Speaking of loot, its existence is really the driving force of the game, as it is for most in the Dungeon Crawler genre. Essentially, if you’re a player looking for a deep story Torchlight 2 is not for you. The story, done well enough to justify a second game, is explained simply as ‘throwaway’. Animated cut scenes play out between each act, giving players a good idea of what is happening in the world and what the overarching story actually is. You see, in the first game players adventured into the depths of the town of Torchlight to destroy a great evil, whereas now it’s been revealed that one of the former heroes orchestrated the entire event to gain supreme power. Now it’s your job to stop the traitor, all the while completing the countless side-quests, dispatching limitless enemies, and developing your character using a wide variety of skill options.

The gameplay itself is strikingly similar to its predecessor and the Diablo franchise as a whole. On a superficial level, you click things until they die, then pick up whatever it is they’ve dropped. It’s a simple explanation, sure, because far more goes into the process of ‘clicking things’ than simply doing it. As they level, each character will gain points to place into particular skills that unlock new combat options or increase the effectiveness of already unlocked skills.
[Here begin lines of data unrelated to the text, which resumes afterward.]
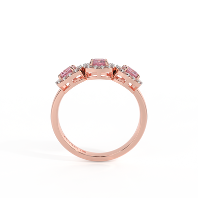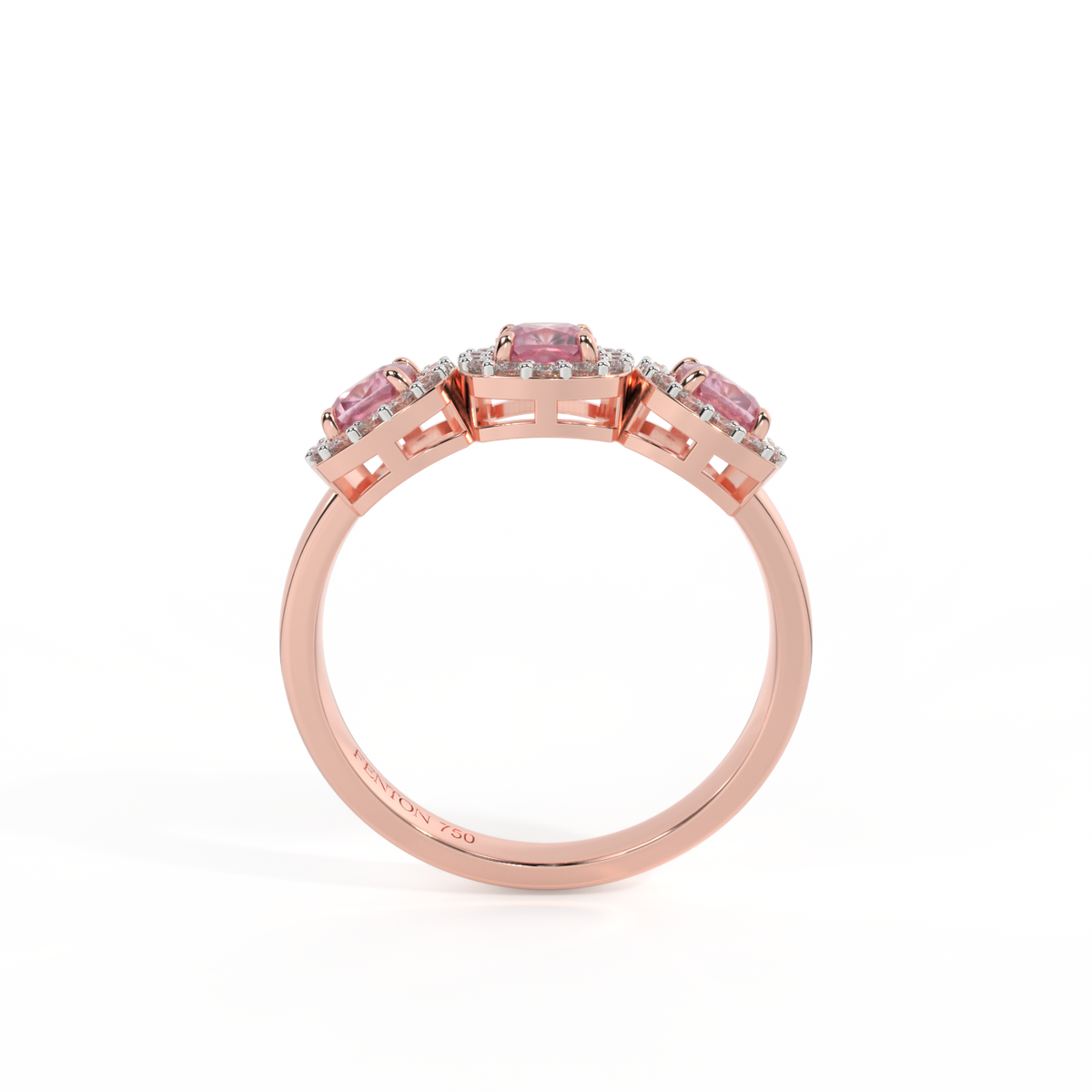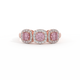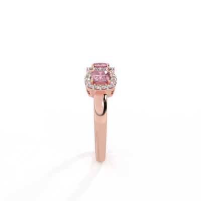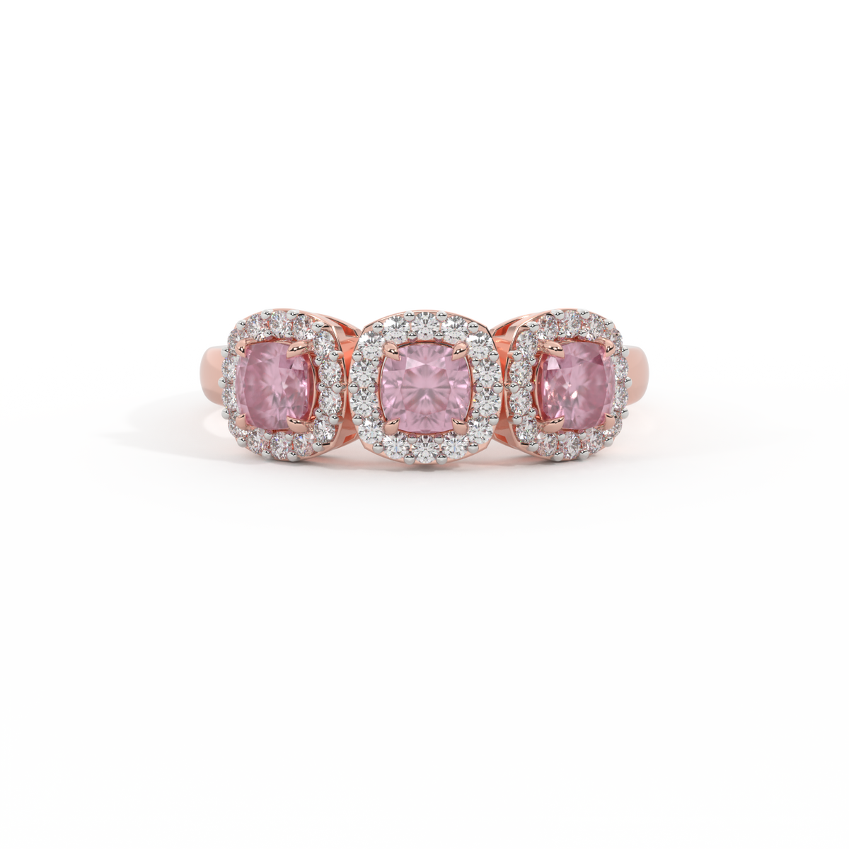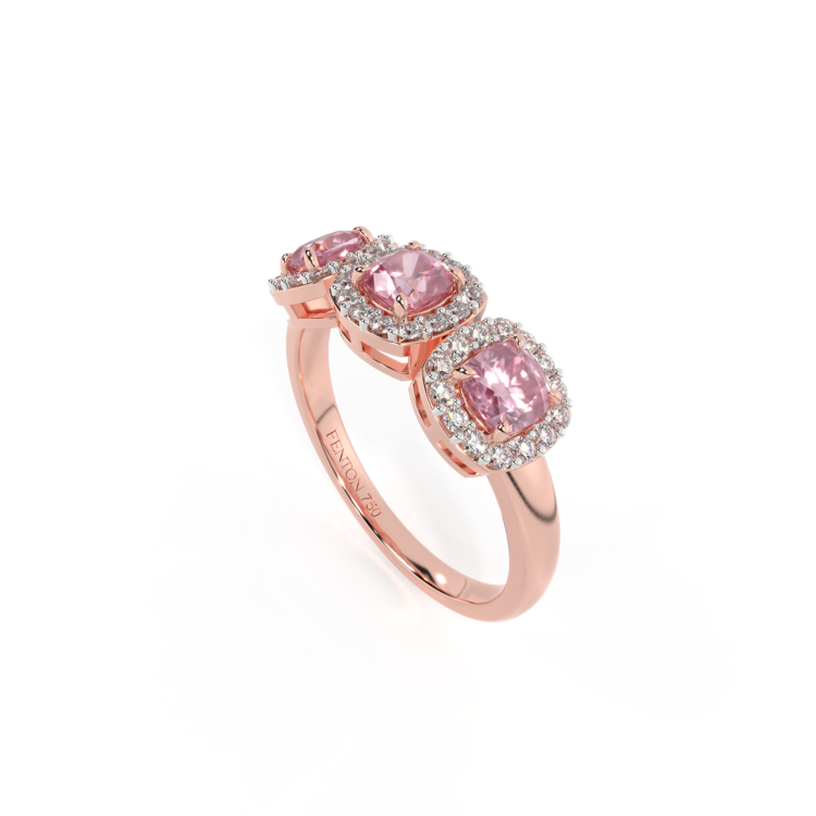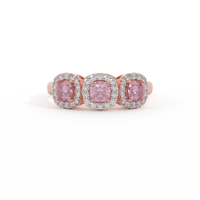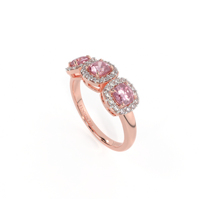 This low set, super wearable beauty, is reminiscent of a floral garland, one of the most universal symbols of love. Three Cushion cut Pink Sapphire stones are surrounded by diamond halos, each stone is completely unique.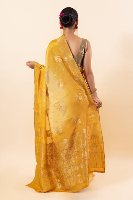 Yellow saree in a wrinkled crepe fabric featuring alfi border and floral buttas. Paired with a running blouse.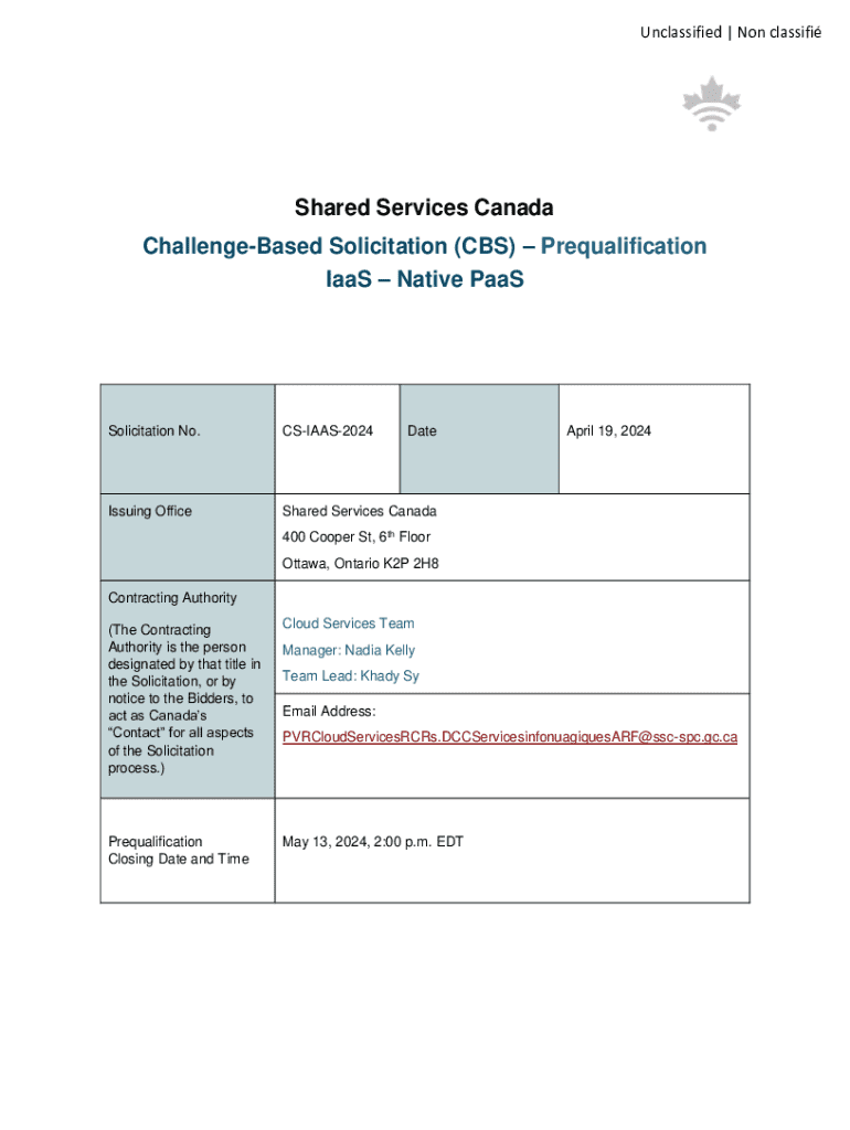 IaaS Native PaaSSolicitation No.CSIAAS2024DateIssuing OfficeS hared Services Canada April 19, 2024400

The trickery comes in when players start realizing that some skills compliment others and help make the game easier, something needed as you progress through multiple playthroughs.

Thankfully, the art style of Torchlight 2 has stayed relatively the same from the first game, utilizing bright, vivid colors throughout each level, regardless of the scenario. Caves, areas typically dark and dingy, feature colorful enemies that help offset the normally drab aesthetic. Complementing the dark recesses of the world are grassy plains, murky swamps, and other regions that are teeming with life, both hostile and passive, each featuring beautiful design decisions that help players feel like every area is unique in its own right. Character skills too, take a cue from the surrounding world and trigger different elemental attacks like fire or poison all while subjecting the player to an amazing show of beautiful explosions and deadly effects.

Torchlight 2 doesn’t do much to innovate on the role-playing, dungeon-crawling genre, but what it does is deliver a finely tuned experience for a bargain price. It’s clear that the team at Runic Games has poured an enormous amount of time ensuring that returning fans feel comfortable and find minor changes, while newcomers have no unexpected surprises or twists that would turn them off from a good time. While the gameplay is solid and the loot is ever-flowing, the absence of a deep story will turn some away. No game should ever hinge on a character’s equipment progression as the key reason to continue playing, but thankfully the gameplay is solid enough that players will get their money’s worth.